Mnisi, who is also unemployed, says doing unpaid voluntary work is better than sitting at home. “We are not getting salaries from this project, but we hope to grow it to a point where it will start paying salaries and employing more people, particularly the young people of this village.”


James has a plan to have all three hectares planted and productive before the end of the year. “We currently have just under a hectare planted, mainly to spinach and cabbage which are crops that can tolerate the winter,” he explains. Green peppers, beetroot, carrots, and other summer crops will be planted in September. The biggest challenges, according to James, are a lack of skills, working capital and working equipment. “We do have a borehole, but load shedding has caused some problems,” says James.

They plant the seed directly into the ground and irrigate with watering cans and a hose pipe. “We’d love to install a drip irrigation system but for this we need large tanks so that we can irrigate using gravity for water pressure,” explains James. James has a dream to create a sustainable farming business that benefits himself and the community. However, he acknowledges that he needs more expertise to achieve this.
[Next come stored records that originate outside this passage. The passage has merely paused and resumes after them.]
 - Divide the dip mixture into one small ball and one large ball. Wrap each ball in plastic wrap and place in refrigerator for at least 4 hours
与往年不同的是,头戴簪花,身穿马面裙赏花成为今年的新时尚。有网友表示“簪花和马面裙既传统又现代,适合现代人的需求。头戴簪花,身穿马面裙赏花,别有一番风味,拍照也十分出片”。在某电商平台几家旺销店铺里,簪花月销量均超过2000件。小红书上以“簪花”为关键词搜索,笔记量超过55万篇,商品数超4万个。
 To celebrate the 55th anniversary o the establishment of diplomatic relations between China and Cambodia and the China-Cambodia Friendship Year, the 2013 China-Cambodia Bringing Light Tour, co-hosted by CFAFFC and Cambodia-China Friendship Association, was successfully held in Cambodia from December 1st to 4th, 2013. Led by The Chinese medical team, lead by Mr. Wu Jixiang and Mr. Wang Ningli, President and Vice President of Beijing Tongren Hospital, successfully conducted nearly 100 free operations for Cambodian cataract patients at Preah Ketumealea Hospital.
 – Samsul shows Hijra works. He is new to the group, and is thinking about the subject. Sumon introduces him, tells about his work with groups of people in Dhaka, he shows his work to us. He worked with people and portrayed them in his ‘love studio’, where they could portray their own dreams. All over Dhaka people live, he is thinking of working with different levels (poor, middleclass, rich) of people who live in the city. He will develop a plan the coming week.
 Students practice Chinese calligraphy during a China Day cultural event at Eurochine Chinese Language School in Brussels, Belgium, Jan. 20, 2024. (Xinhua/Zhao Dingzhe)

The chief is keen to look at letting them have more land so that the project can grow but, for now, James’s priority is to address the lack of skills. “Solomon Phenya, an ARC official, checks up on the project regularly and gives me advice,” he says.

James believes in the power of mentorship and makes it his business to develop relationships with commercial farmers. He says he also gets advice from Fanie Oosthuizen, who now runs his dad’s operation on the family farm where James’s grandfather worked.
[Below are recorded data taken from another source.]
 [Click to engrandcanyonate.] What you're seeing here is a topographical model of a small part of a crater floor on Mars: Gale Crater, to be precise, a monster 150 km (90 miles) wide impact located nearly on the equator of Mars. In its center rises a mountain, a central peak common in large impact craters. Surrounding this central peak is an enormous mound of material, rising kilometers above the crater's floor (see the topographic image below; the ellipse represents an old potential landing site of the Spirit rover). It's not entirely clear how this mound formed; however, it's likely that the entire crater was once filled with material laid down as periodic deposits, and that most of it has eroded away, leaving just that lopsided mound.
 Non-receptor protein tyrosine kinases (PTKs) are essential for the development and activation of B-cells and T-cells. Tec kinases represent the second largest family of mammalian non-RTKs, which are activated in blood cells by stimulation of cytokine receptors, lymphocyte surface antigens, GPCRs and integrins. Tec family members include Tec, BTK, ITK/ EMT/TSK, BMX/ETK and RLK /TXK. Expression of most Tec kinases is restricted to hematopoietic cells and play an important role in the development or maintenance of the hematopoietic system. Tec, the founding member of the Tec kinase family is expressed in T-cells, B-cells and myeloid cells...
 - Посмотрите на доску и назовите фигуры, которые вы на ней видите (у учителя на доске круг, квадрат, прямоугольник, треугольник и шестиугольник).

Through Landbouweekblad he has met some commercial farmers willing to help with mentorship. “I speak to farmers such as Andries Olivier in Groblersdal and mega- farmer, Charl Senekal, who farms sugarcane in KwaZulu Natal. When he has the time, he talks to me and encourages me,” says James. He feels that the success of his project will enable him to help more people in the rural areas who have land but lack the skills they need to make it productive. “The problem is not that people don’t want to use the land, the problem is that they lack the skills and the funds to work it.

This leads to more people moving from the rural areas to the urban areas instead of unlocking the wealth of the land,” he says. James encourages people in the country’s rural and peri-urban areas not to wait for government aid or support but to make use of what they have.

“Small-scale farming can be profitable, and one does not need a tractor and expensive equipment to start,” explains James. People can grow their own food and produce cash crops for a sustainable income in the rural areas. “It’s about ‘layering’ your land to unlock maximum potential. You start by producing your own food and later you expand to make profits,” he concludes.